Balanced funds can unnecessarily add confusion and complexity for an individual\’s investment portfolio at any given time when simplicity is often best. Here are five reasons why we do not like balanced funds.
Letting a stranger decide
Balanced funds are particularly interesting because they let a stranger (the fund manager) decide on the appropriate asset allocation for you personally.
Obviously, this manager has no idea who 99% of the individuals holding the fund are, but he/she is given the responsibility to choose a suitable mix of stocks, bonds and sometimes even geographic allocations.

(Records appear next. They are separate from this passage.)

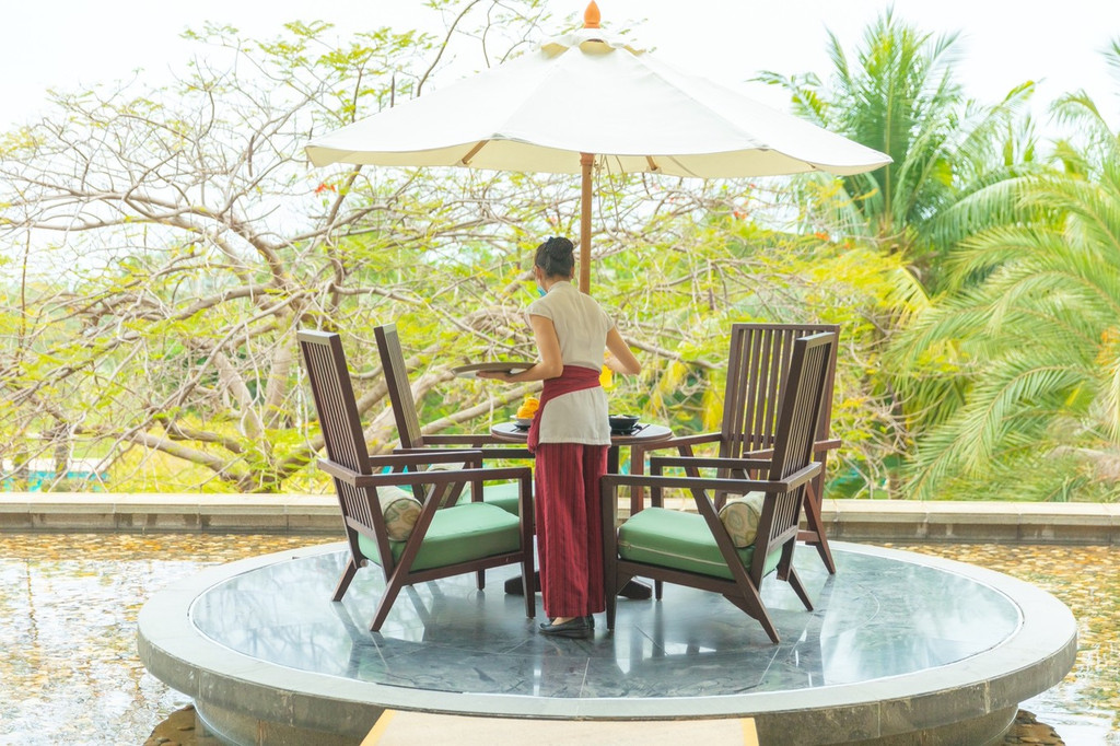 清晨醒来,漫步在热带雨林郁郁葱葱的林荫树下,穿行在香气氤氲微风轻袭的花园中,选个喜欢的地方坐下,享受身、心、灵的平衡与放松,开启崭新的一天。
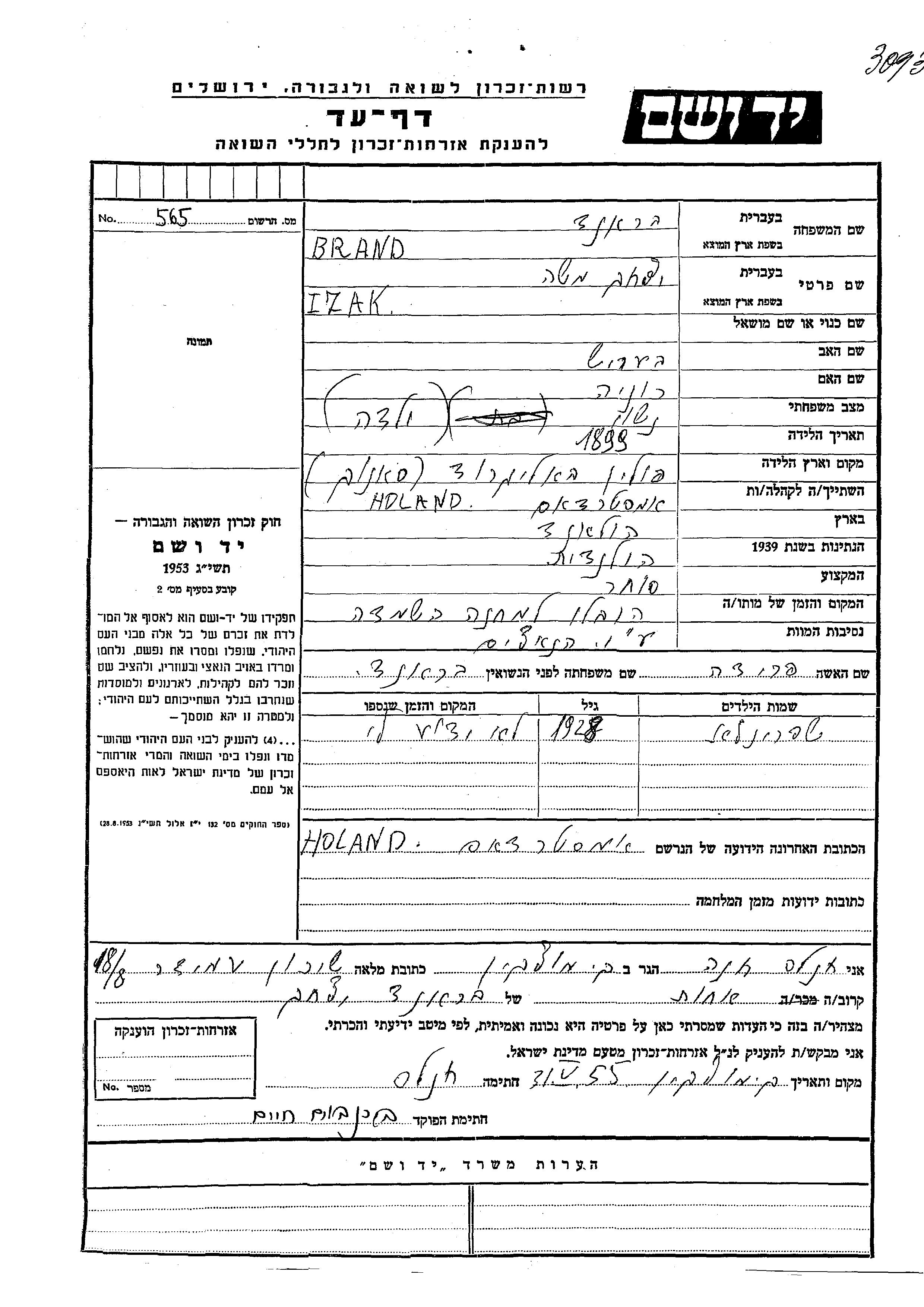 Brand Shpronala 1928 unstated place, Page of Testimony
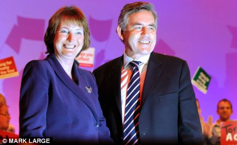 In the spotlight: Harriet Harman and Gordon Brown at the closing session of the Labour Party Conference today

This responsibility should be in the hands of either your adviser/wealth manager or else you, the retail investor, who actually understands your personal situation. Don’t defer to a person in a different city or country who has no idea what you are.
Lack of flexibility
On the off chance that the stranger does obtain the allocations of a balanced fund best for you, the allocations might no longer be appropriate in the event of a change in your financial situation.
As a result, you\’ll either have to sell the whole fund to change your portfolio and risk incurring some kind of deferred fee, or tweak the holding and sell the appropriate percentage that brings the allocations within the balanced fund in-line with your overall allocation targets.
It quickly becomes clear that portfolios holding balanced funds may become inflexible and a burden to effectively manage.